_TASK ITEM:_
Only the pictures should be left out; write out all other data exactly.

[Records from a collection]

◆ ◆ ◆ ◆ ◆ ◆ ◆

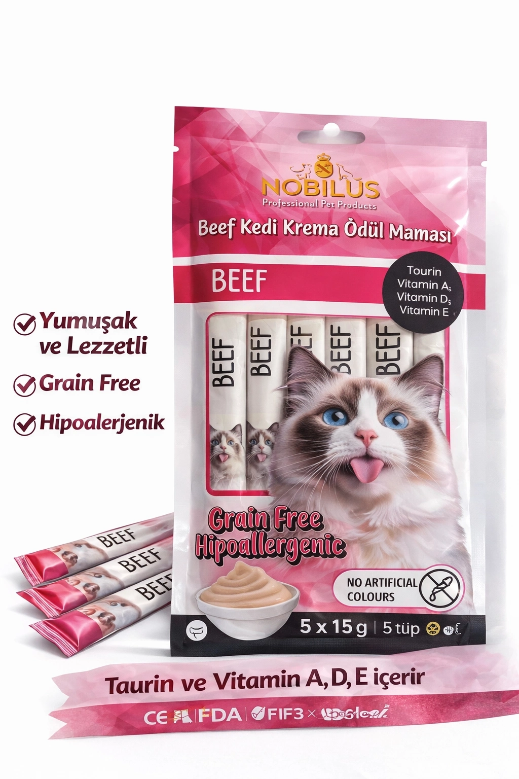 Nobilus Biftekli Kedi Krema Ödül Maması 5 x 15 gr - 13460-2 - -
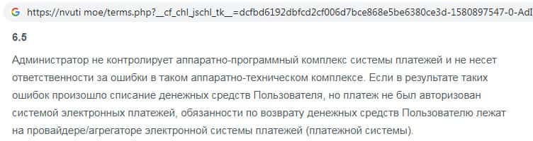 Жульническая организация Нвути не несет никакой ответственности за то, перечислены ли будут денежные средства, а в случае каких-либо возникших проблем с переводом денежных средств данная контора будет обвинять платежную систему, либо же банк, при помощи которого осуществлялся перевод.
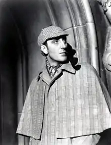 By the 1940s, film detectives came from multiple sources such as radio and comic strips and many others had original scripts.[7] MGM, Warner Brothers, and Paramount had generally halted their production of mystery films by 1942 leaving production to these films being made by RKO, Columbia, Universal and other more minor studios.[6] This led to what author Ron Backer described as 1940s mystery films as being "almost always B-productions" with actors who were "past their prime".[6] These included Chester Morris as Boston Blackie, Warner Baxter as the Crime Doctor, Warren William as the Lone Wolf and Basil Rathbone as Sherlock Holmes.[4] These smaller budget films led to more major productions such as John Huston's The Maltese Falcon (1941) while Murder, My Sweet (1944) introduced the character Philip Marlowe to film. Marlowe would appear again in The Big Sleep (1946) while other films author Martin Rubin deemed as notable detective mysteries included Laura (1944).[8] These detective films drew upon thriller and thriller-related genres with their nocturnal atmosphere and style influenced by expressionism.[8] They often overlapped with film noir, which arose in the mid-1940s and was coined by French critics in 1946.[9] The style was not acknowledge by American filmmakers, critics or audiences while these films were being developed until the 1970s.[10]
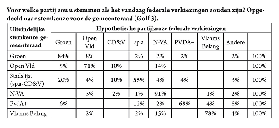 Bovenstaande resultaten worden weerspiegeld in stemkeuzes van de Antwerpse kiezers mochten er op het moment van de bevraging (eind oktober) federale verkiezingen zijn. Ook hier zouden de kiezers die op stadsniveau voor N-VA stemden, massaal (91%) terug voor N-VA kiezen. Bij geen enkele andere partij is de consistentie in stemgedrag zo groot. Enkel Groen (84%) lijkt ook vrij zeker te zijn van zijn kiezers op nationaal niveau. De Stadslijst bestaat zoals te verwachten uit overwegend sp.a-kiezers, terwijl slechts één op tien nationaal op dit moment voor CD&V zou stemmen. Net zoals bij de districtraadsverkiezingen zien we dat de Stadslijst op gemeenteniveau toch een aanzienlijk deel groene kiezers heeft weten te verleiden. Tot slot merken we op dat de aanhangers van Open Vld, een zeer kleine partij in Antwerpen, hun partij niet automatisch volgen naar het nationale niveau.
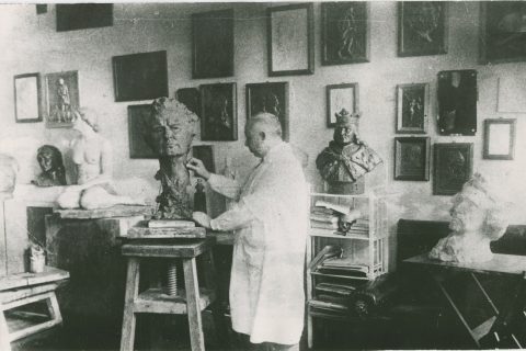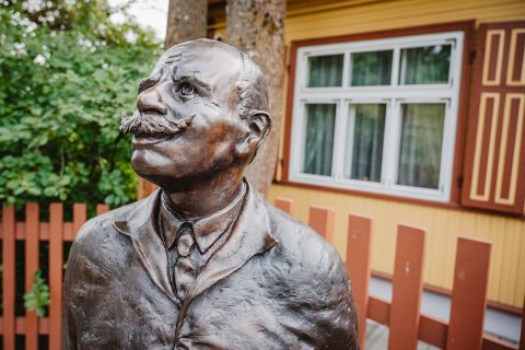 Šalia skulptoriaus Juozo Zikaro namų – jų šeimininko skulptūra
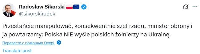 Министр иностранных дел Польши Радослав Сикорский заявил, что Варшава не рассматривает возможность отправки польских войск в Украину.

◆ ◆ ◆ ◆ ◆ ◆ ◆

_WRITTEN RESPONSE:_
 Nobilus Biftekli Kedi Krema Ödül Maması 5 x 15 gr - 13460-2 - -
 Жульническая организация Нвути не несет никакой ответственности за то, перечислены ли будут денежные средства, а в случае каких-либо возникших проблем с переводом денежных средств данная контора будет обвинять платежную систему, либо же банк, при помощи которого осуществлялся перевод.
 By the 1940s, film detectives came from multiple sources such as radio and comic strips and many others had original scripts.[7] MGM, Warner Brothers, and Paramount had generally halted their production of mystery films by 1942 leaving production to these films being made by RKO, Columbia, Universal and other more minor studios.[6] This led to what author Ron Backer described as 1940s mystery films as being "almost always B-productions" with actors who were "past their prime".[6] These included Chester Morris as Boston Blackie, Warner Baxter as the Crime Doctor, Warren William as the Lone Wolf and Basil Rathbone as Sherlock Holmes.[4] These smaller budget films led to more major productions such as John Huston's The Maltese Falcon (1941) while Murder, My Sweet (1944) introduced the character Philip Marlowe to film. Marlowe would appear again in The Big Sleep (1946) while other films author Martin Rubin deemed as notable detective mysteries included Laura (1944).[8] These detective films drew upon thriller and thriller-related genres with their nocturnal atmosphere and style influenced by expressionism.[8] They often overlapped with film noir, which arose in the mid-1940s and was coined by French critics in 1946.[9] The style was not acknowledge by American filmmakers, critics or audiences while these films were being developed until the 1970s.[10]
 Bovenstaande resultaten worden weerspiegeld in stemkeuzes van de Antwerpse kiezers mochten er op het moment van de bevraging (eind oktober) federale verkiezingen zijn. Ook hier zouden de kiezers die op stadsniveau voor N-VA stemden, massaal (91%) terug voor N-VA kiezen. Bij geen enkele andere partij is de consistentie in stemgedrag zo groot. Enkel Groen (84%) lijkt ook vrij zeker te zijn van zijn kiezers op nationaal niveau. De Stadslijst bestaat zoals te verwachten uit overwegend sp.a-kiezers, terwijl slechts één op tien nationaal op dit moment voor CD&V zou stemmen. Net zoals bij de districtraadsverkiezingen zien we dat de Stadslijst op gemeenteniveau toch een aanzienlijk deel groene kiezers heeft weten te verleiden. Tot slot merken we op dat de aanhangers van Open Vld, een zeer kleine partij in Antwerpen, hun partij niet automatisch volgen naar het nationale niveau.
 Šalia skulptoriaus Juozo Zikaro namų – jų šeimininko skulptūra
 Министр иностранных дел Польши Радослав Сикорский заявил, что Варшава не рассматривает возможность отправки польских войск в Украину.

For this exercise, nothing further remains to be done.